Dear Board, Want MOAR Diaries Comment Count

Seth

It is spring, the time of renewal, by which I mean today is the last day you can renew your football season tickets. In order to do this you were supposed to get your "points" by donating earlier—by Jan. 30 even—but like any other money-taking organization, so long as they have inventory and you are willing to give money for that inventory, a deal may be struck. According to MGoSoftball they won't even tell you the minimum donation you need to get the tickets, because then you might not bid too high. This is starting to sound more like buying a car than access to see Michigan play Air Force, UMass, Illinois, MSU, Northwestern, and Iowa.

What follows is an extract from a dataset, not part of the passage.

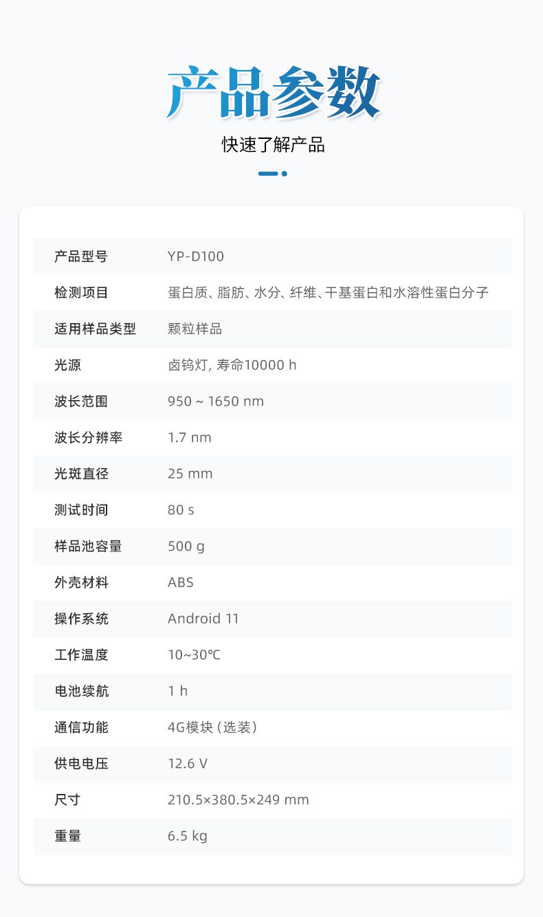 5. 檢測(cè)項(xiàng)目全:大豆中的蛋白質(zhì)、脂肪、水分、纖維、干基蛋白與水溶性蛋白;

JeepinBen posted a link to an attendance visualizer for 2006-'11. The money shot:

Attendance PSU M OSU

Things that don't affect attendance: major scandals (OSU), or fleecing your fanbase with mandatory donations (M). Things that kill attendance: major scandals AND fleecing your fanbase with mandatory donations to buy football tickets. Penn State had their scandal at the same time as Ohio State. The "adjusted season ticket pricing guidelines" were instituted in Happy Beaver Valley State College for 2011.

Meanwhile Indiana and Kentucky won't play each other in basketball for the first time since 1969 because Indiana didn't want to turn it into an NBA game and Kentucky was all like "screw you guys, I'm S-E-C!"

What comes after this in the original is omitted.